La primera herramienta que se me ocurre que no complementa el talento musical sino que lo sustituye, es el software que se diseñó para afinar cantantes. Se lo conoce como AutoTune porque fue el primero de su tipo. Hoy en día hay muchas versiones de ese concepto. Fue creado por Andy Hildebrand, un geofísico que patentó un método para analizar ondas sísmicas y abaratar la búsqueda de depósitos subterráneos de petróleo. Una vez retirado, buscó más aplicaciones para su método y así encontró que se podía afinar una voz a la perfección con los mismos principios que había aplicado anteriormente.

El AutoTune fue usado inicialmente por Cher en su tema Believe en 1998. Se utilizó buscando generar fuertes cambios en su tono para darle un toque robótico. Cher es una cantante de primera, que ya llevaba tres décadas de discos bien cantados, por lo que su uso fue más bien estético. Pero los estudios notaron que si podían afinar la voz de una persona, ya no era necesario que esa persona cantara perfectamente. Esto abría dos puertas: buscar gente que no tuviera talento pero fuera muy buena moza; y ahorrar tiempo en estudio, pues ya no eran necesarias muchas tomas de una canción hasta tener la toma perfecta; bastaba tener un par aceptable y luego los ingenieros de sonido hacían “su parte”. Me pregunto: ¿Paranoid, de Black Sabbath, sonaría igual si Ozzy estuviera afinado? No es que esté totalmente desafinado, pero queda claro que su interpretación es producto de la energía de la banda y no de la búsqueda de perfección estética. La música es eso: energía. 
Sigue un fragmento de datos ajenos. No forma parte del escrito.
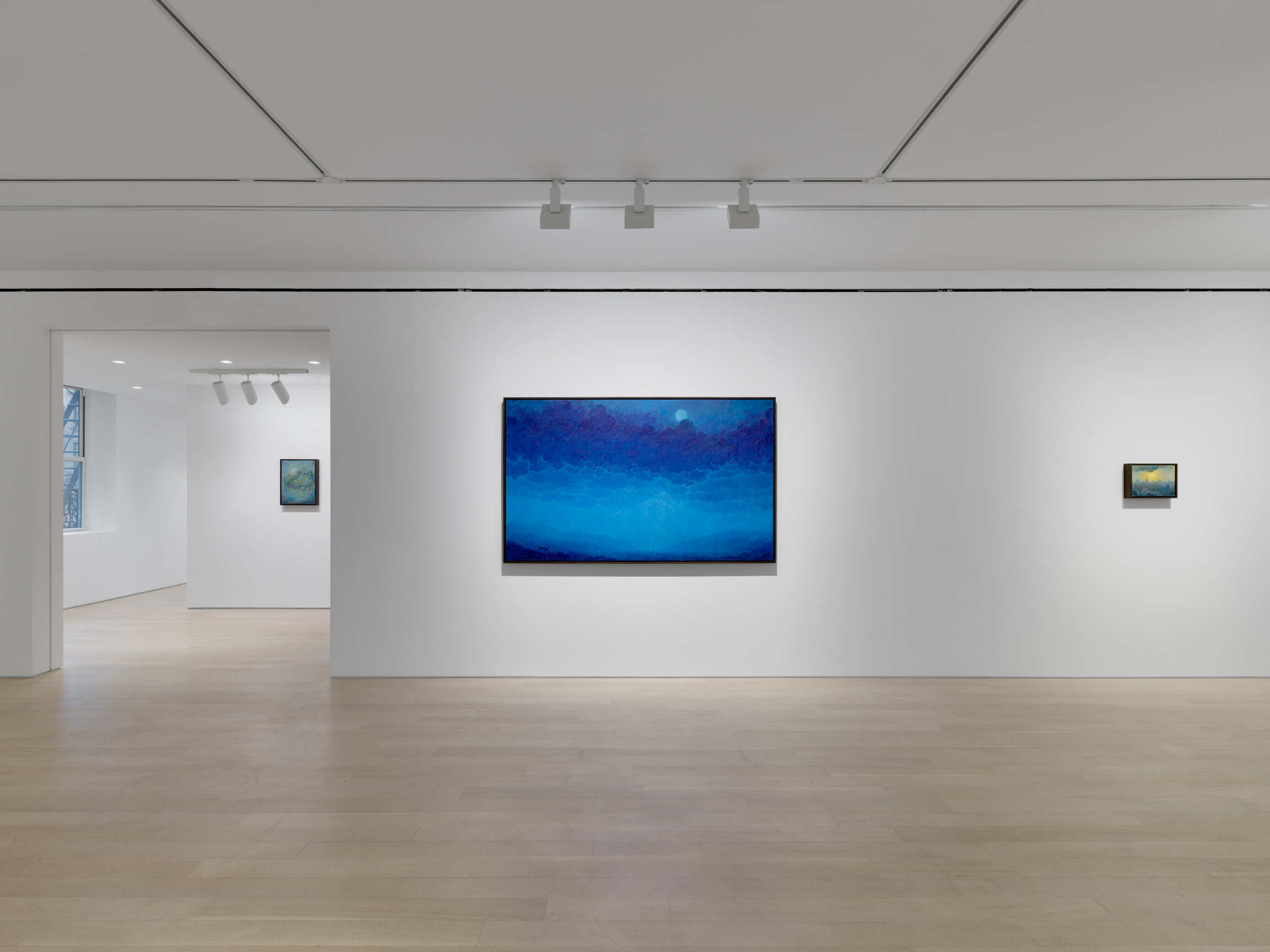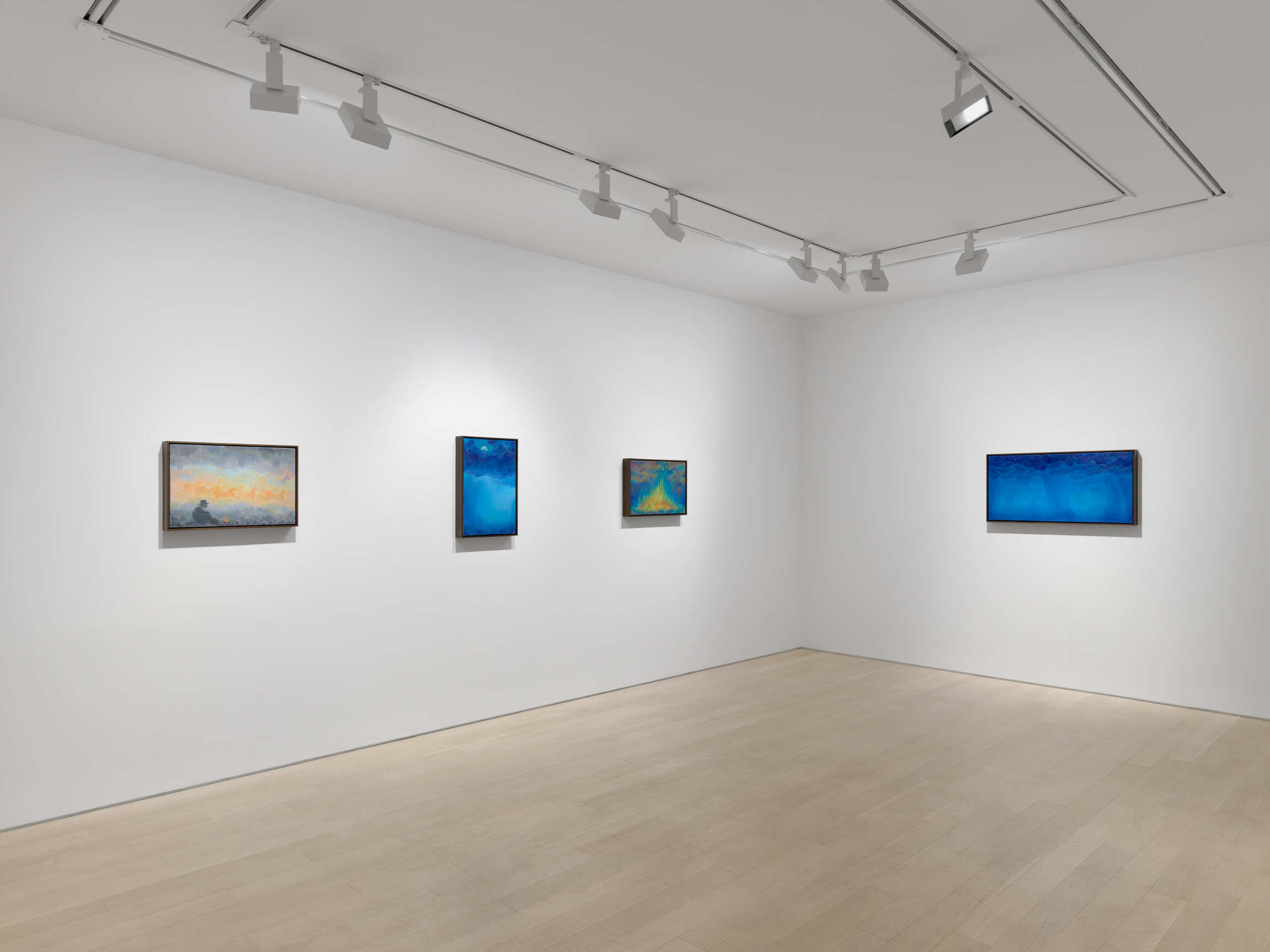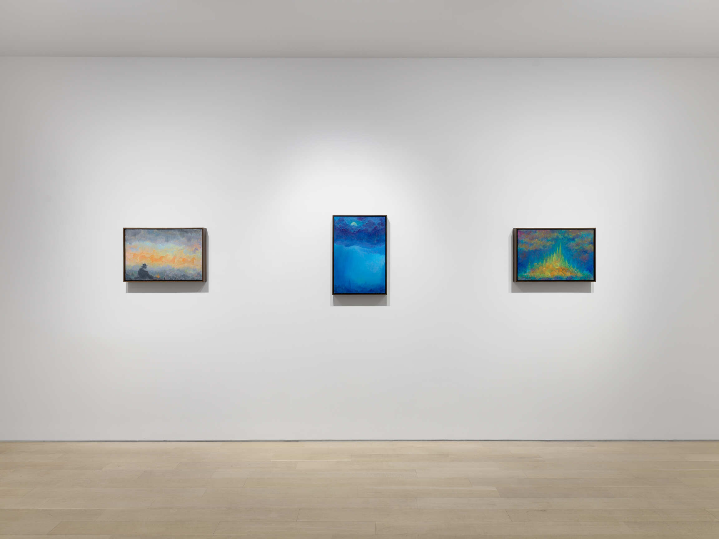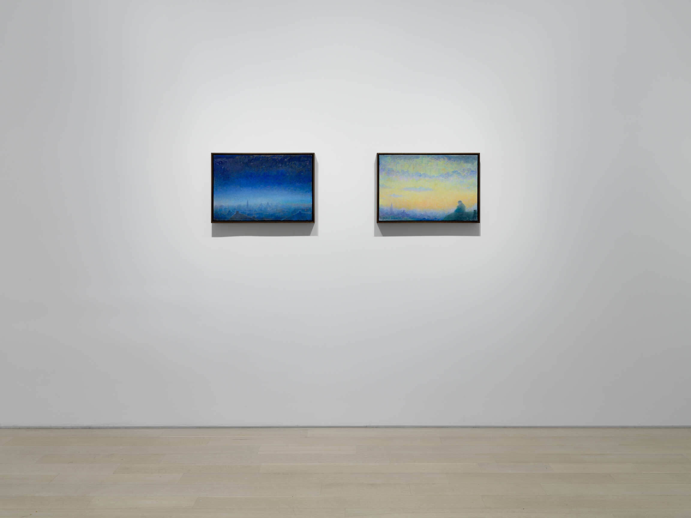 In his new body of work, there is a small canvas, The Last Man (2025), depicting a dark silhouette defined against a hazy sunrise, which is itself composed of a mosaic of galloping horses. Below the sunrise, smooth geometric rectangles suggest a cityscape or mountain range. Like children finding shapes while cloudgazing, these images remind us that seeing is always an act of interpretation. The fact that we see our reality as we see it –and that we agree on seeing how we see it – is so contingent on those biological calculations as to verge on dumb chance. In this painting, as in all his work, Kraus employs shifting signifiers, subtle shifts in light, and the presence of time to game natural vision. The actors in this process are the rods, cones, and ganglia of the retina and optic nerve. Together, they carve forms from a splendour of in-flooding light signals.

Hoy en día, prácticamente el 100% de la música se hace de esta manera y nuestro oído se ha acostumbrado a un sonido perfecto que no es totalmente humano y que además no acompaña la expresión musical. Es como si la industria cinematográfica contratara actores bonitos en lugar de buenos actores porque cuenta con software para moverles la expresión hasta hacerlos actuar bien. Bueno, mejor no doy ideas. Lo complejo del abuso de la tecnología en la industria musical es que se usa para suplantar el talento humano y subir a un títere al escenario. Ahí es donde la música pierde. Gracias a Santa Cecilia o a Baco siguen existiendo artistas que se rehúsan a que la tecnología haga su trabajo y producen música con base en sus emociones, en la energía que producen los músicos… esa cosita abstracta que hace que uno se pare en la calle y eche un lagrimón ante un La menor bien puesto, ante el sonido de un bandoneón, de una quena tocada con alma, de esas pequeñas cosas que hacen vibrar las fibras justas.